# OBRAS HIDRAULICAS - INGENIERIA DEL AGUA > Presas y Represas >  Presa Daniel-Johnson / Manic-5 (I)

## F. Lázaro

Otra preciosidad... :Smile: 

La presa de Daniel-Johnson se encuentra a 214 kilometros al norte de Baie-Comeau , en Quebec , Canadá.

Terminada en 1968, tiene una altura de 214 metros y 1,3 Km de desarrollo en coronación, haciendo de ella, la presa más grande de contrafuertes y arcos múltiples del mundo.



La presa crea un gigantesco embalse de casi *150.000 Hm3* :EEK!: , dando origen al Lago Manicouagan.
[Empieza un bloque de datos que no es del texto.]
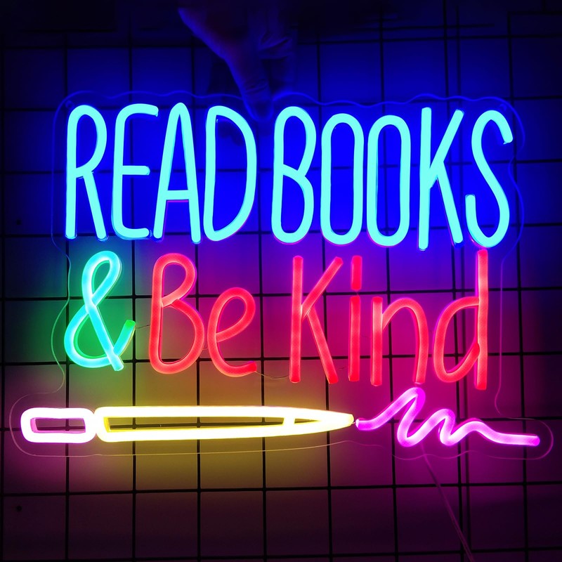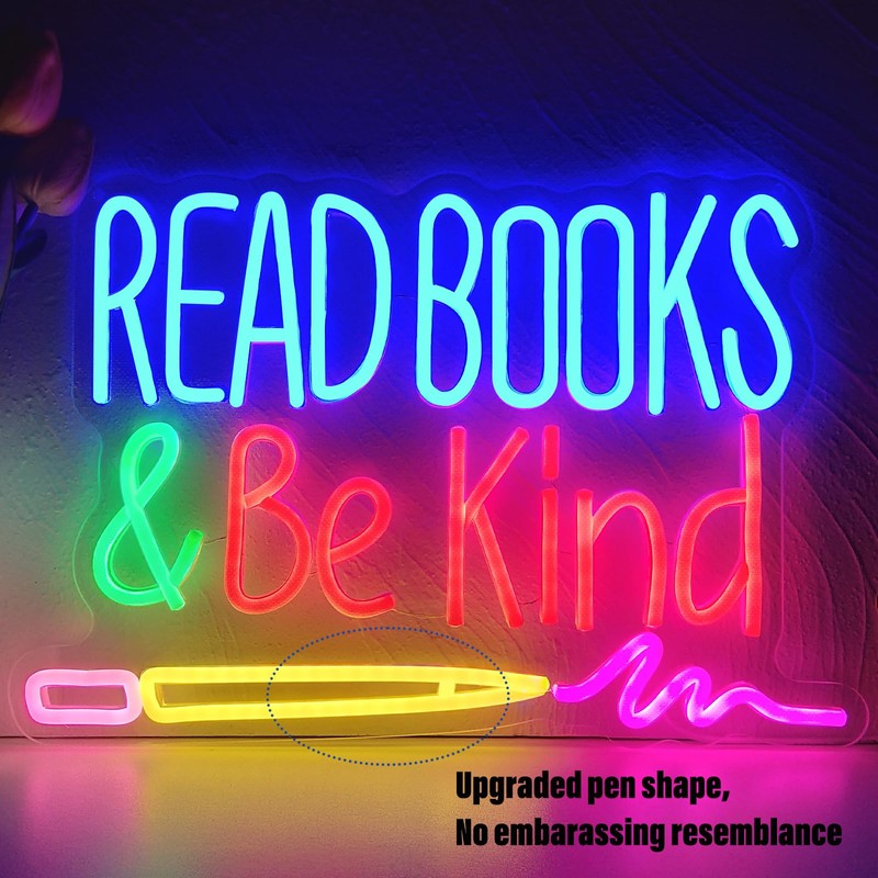 - Perfect Classroom Light: A perfect addition for the library area in classroom. Improved pencil shape avoids embarassing resemblance. Waved strokes is distinctive. Create positive vibes with our read books and be kind neon signs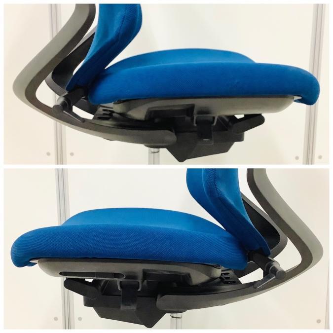 - 座面の高さは上下に90㎜、奥行は前後に50㎜調節可能。さらに骨盤を支えるポスチャーシート採用で着座時の前滑りを防ぎます。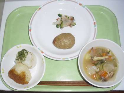 今日の献立は、おかかのおにぎり、焼きおにぎり、牛乳、飛び魚のさんが焼き、大根のさっぱりづけ、豚汁です。さんが焼きは飛び魚のすり身と豆腐をみそで味付けして、オーブンで焼きました。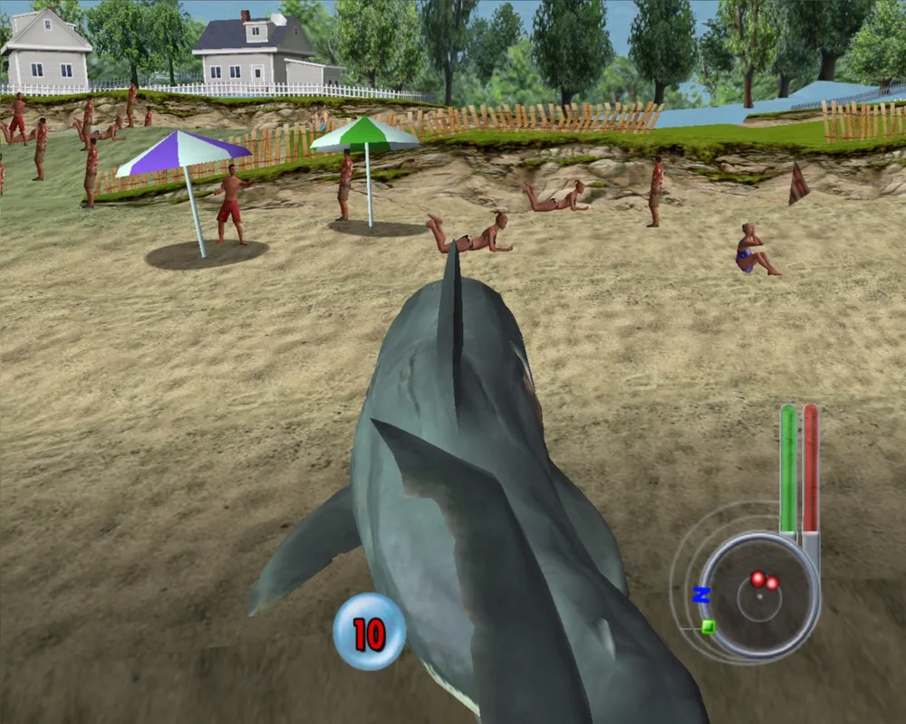 Во время прохождения обучения акула попадает на пляж, где купаются люди. Во время их поедания я пытался залезть на песок и загарать. Вот что у меня вышло:

En su interior destaca una gran isla circular conocida como René-Levasseur, cuyo punto más alto es el Monte Babel. Tanto el lago como la isla son claramente visibles desde el espacio, razón por la que recibe el nombre de "ojo de Quebec"



Las aguas del lago ocupan los restos de un antiguo cráter de impacto, originado por el impacto de un asteroide de 5 km de diámetro, que excavó un cráter de unos 100 km de diámetro originalmente. En la actualidad el diámetro del cráter se ha reducido a 72 km debido a la erosión y a los procesos sedimentarios, aunque sus dimensiones le hacen ser el quinto cráter conocido de la Tierra por tamaño. El Monte Babel es interpretado como la cima originada por el rebote del suelo fundido tras el impacto.

*Complejo Hidroeléctrico*

El lago Manicouagan actúa como una gigantesca batería hidráulica para Hydro-Québec. En el momento álgido del frío invernal, el nivel superficial del lago es normalmente más bajo, debido a que las turbinas están en funcionamiento continuo y a su máxima potencia para generar el fluido eléctrico necesario para las calefacciones de toda la provincia.

El proyecto original Manic-5 entró en funcionamiento en 1970. Consta de 8 turbinas Francis, con una potencia total instalada de 1.528 MW. Más tarde, fue ampliado (proyecto Manic-5-PA) en 1989, instalando otras 4 turbinas Francis, con una capacidad total de 1.064 MW, 

Todo ello hace que, el complejo hidroeléctrico, tenga una potencia total instalada de 2592 MW.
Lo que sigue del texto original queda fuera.